Data for the task ▸
===

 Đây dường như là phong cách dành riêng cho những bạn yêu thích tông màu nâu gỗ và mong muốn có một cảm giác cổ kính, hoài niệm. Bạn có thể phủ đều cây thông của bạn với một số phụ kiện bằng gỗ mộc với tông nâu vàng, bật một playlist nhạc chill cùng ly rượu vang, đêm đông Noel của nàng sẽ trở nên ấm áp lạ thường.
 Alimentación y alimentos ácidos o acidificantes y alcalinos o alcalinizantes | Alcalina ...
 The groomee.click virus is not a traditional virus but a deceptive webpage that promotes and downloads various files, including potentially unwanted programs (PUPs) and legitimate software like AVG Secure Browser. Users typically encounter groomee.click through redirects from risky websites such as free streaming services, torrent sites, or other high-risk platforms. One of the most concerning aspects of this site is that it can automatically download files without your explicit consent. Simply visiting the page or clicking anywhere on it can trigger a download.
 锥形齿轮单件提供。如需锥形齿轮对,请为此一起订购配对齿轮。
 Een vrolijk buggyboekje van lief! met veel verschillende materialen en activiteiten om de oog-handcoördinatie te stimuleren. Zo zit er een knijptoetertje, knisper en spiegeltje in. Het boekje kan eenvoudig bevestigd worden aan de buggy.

===

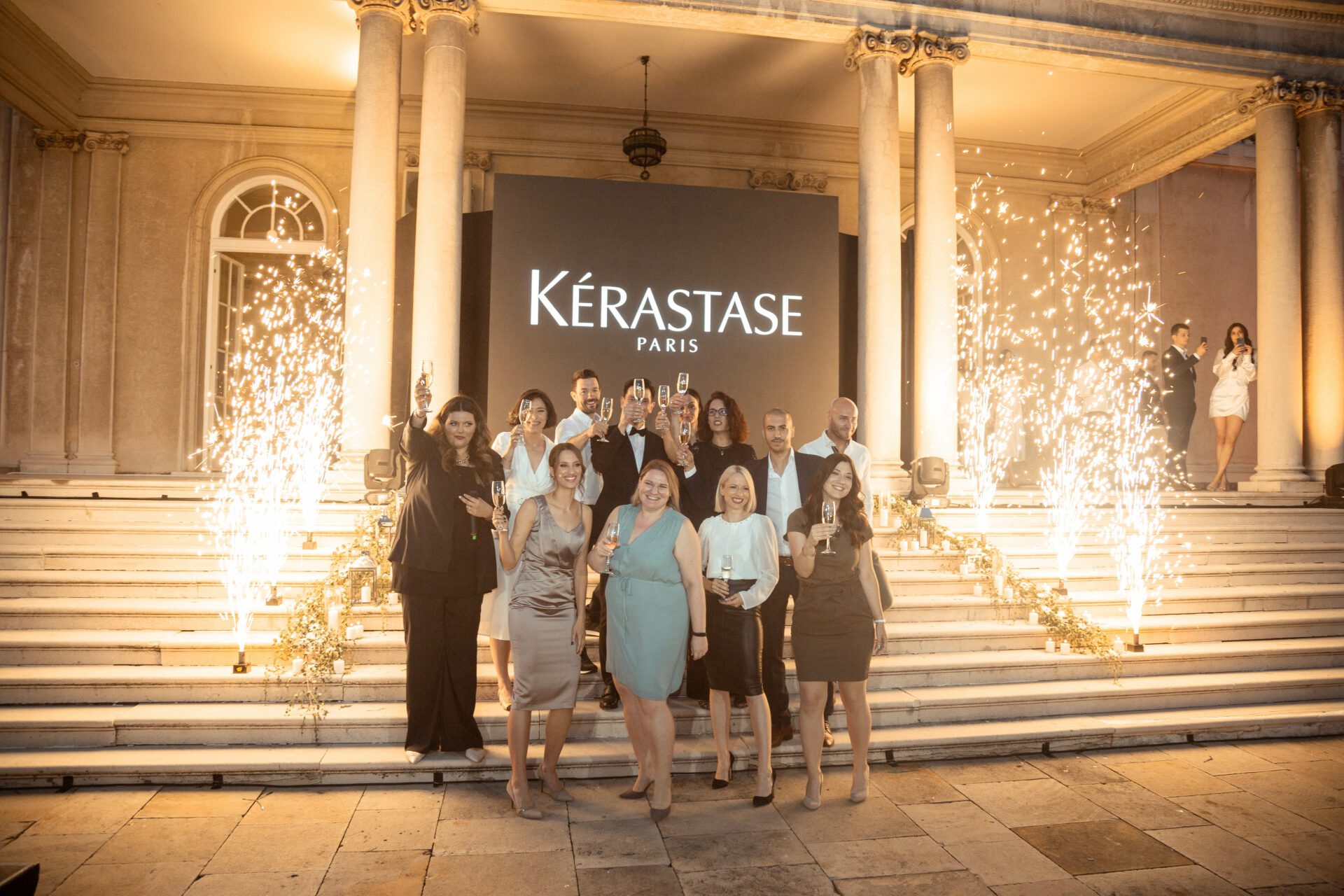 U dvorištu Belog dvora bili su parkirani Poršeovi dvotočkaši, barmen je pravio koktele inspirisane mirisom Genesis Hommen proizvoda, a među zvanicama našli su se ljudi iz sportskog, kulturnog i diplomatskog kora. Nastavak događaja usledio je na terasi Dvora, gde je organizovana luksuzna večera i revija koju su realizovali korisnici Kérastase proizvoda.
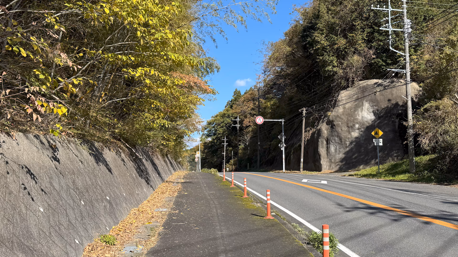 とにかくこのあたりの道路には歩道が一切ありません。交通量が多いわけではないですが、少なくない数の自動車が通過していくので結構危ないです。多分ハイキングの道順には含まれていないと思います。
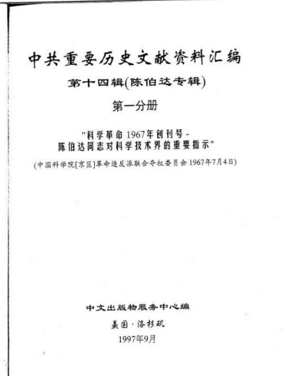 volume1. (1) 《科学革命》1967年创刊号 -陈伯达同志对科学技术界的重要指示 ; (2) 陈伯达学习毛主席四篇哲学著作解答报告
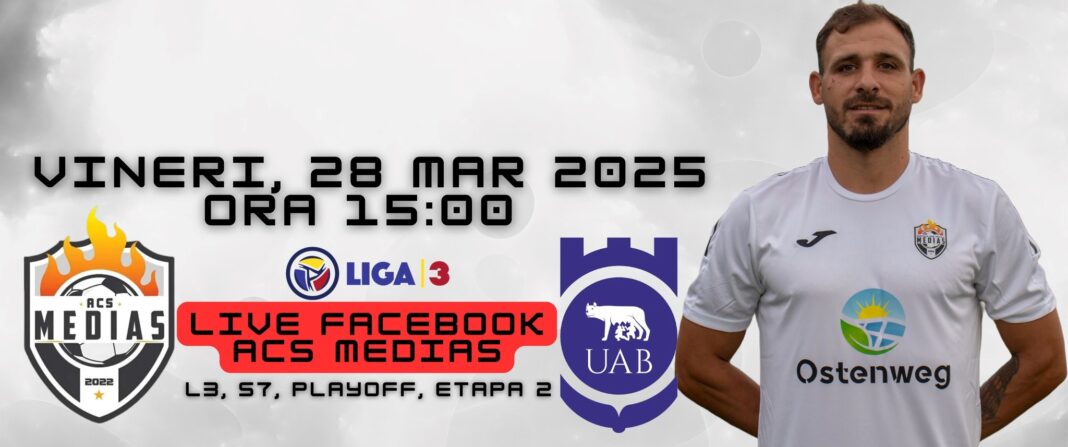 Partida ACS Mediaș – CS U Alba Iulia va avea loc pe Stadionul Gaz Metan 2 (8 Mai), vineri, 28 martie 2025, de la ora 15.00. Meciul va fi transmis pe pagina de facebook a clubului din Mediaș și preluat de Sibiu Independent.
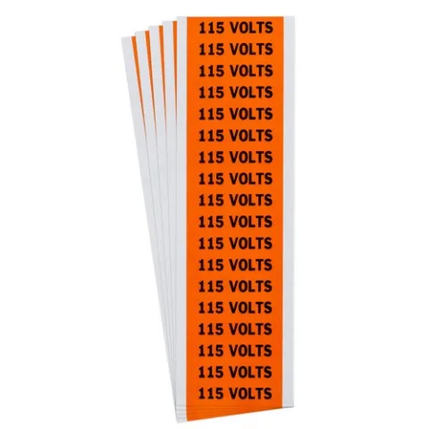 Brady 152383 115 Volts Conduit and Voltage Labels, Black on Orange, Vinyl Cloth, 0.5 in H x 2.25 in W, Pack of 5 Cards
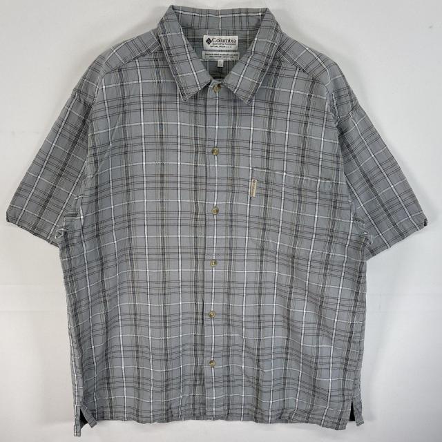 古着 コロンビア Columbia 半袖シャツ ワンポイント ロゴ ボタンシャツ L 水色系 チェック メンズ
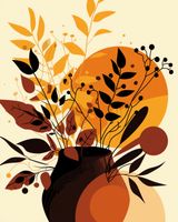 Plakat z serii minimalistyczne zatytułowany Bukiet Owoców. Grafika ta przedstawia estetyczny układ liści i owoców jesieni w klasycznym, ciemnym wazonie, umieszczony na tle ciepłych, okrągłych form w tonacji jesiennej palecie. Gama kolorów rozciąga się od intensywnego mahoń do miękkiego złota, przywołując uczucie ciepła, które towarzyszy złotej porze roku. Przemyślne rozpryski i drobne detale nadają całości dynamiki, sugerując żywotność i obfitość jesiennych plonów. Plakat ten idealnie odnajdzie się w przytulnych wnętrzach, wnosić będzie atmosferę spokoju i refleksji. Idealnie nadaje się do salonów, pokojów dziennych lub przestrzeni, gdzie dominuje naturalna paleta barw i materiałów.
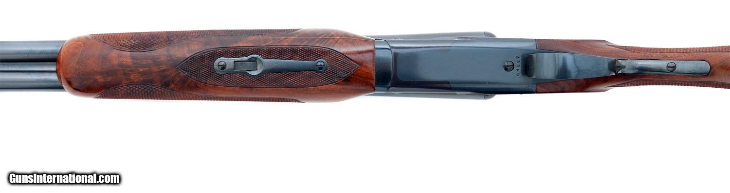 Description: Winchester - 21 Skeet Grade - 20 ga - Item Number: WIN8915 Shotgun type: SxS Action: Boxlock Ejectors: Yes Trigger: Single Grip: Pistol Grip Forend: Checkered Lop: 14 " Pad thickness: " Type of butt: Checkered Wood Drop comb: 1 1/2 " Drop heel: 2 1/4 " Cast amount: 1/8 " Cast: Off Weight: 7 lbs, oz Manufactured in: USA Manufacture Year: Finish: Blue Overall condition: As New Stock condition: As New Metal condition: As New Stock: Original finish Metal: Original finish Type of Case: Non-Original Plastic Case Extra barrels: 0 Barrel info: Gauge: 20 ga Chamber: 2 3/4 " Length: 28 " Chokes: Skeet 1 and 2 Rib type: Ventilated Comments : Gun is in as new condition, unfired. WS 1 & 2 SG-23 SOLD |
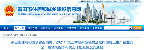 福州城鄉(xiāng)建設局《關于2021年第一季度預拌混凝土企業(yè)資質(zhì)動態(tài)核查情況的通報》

===

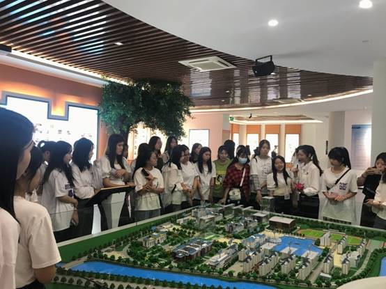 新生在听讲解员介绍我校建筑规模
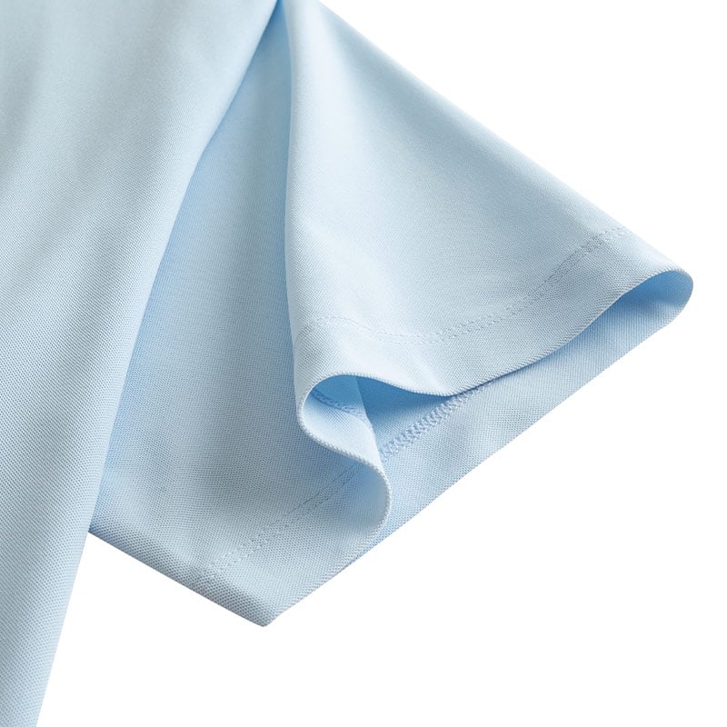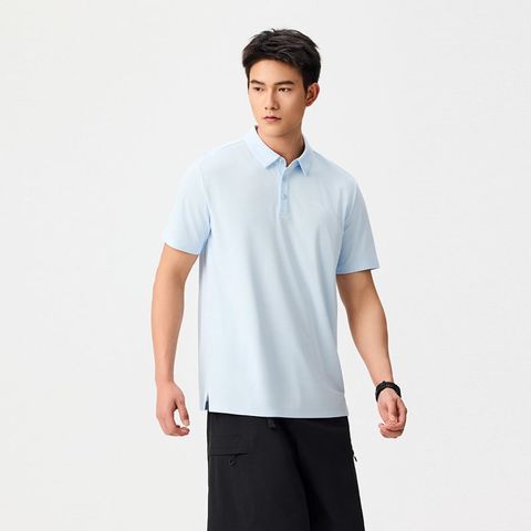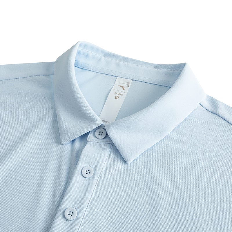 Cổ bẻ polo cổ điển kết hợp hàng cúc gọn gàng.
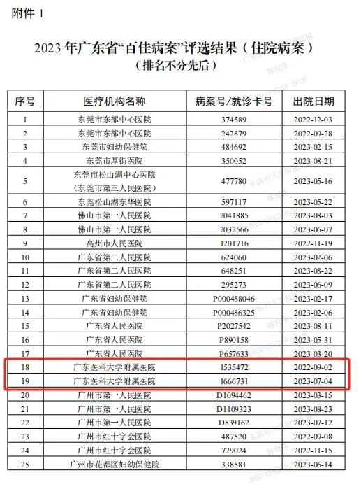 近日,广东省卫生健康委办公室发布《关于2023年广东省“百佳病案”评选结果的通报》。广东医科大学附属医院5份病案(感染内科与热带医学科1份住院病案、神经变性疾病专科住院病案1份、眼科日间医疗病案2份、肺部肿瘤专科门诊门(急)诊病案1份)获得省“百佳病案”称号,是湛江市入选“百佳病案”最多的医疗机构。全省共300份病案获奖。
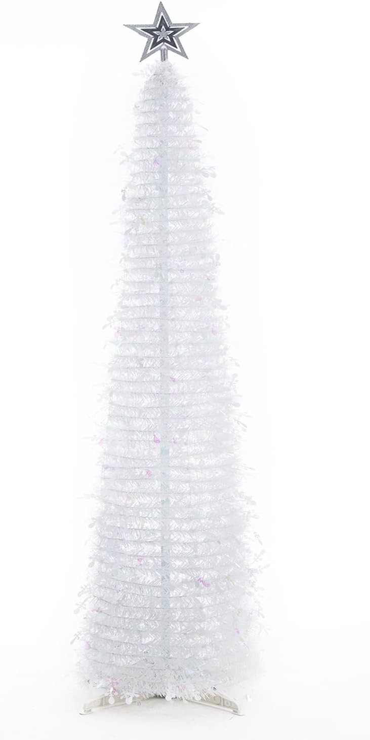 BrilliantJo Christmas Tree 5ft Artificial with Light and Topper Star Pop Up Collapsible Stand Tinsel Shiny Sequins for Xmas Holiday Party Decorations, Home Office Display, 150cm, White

===

Problem to work on ▸
In the entries above, find the line containing "Brady 152383 115" and the line containing "古着 コロンビア Columbia", then copy both and every line between them exactly, without any picture.

Response area ▸
 Brady 152383 115 Volts Conduit and Voltage Labels, Black on Orange, Vinyl Cloth, 0.5 in H x 2.25 in W, Pack of 5 Cards
 古着 コロンビア Columbia 半袖シャツ ワンポイント ロゴ ボタンシャツ L 水色系 チェック メンズ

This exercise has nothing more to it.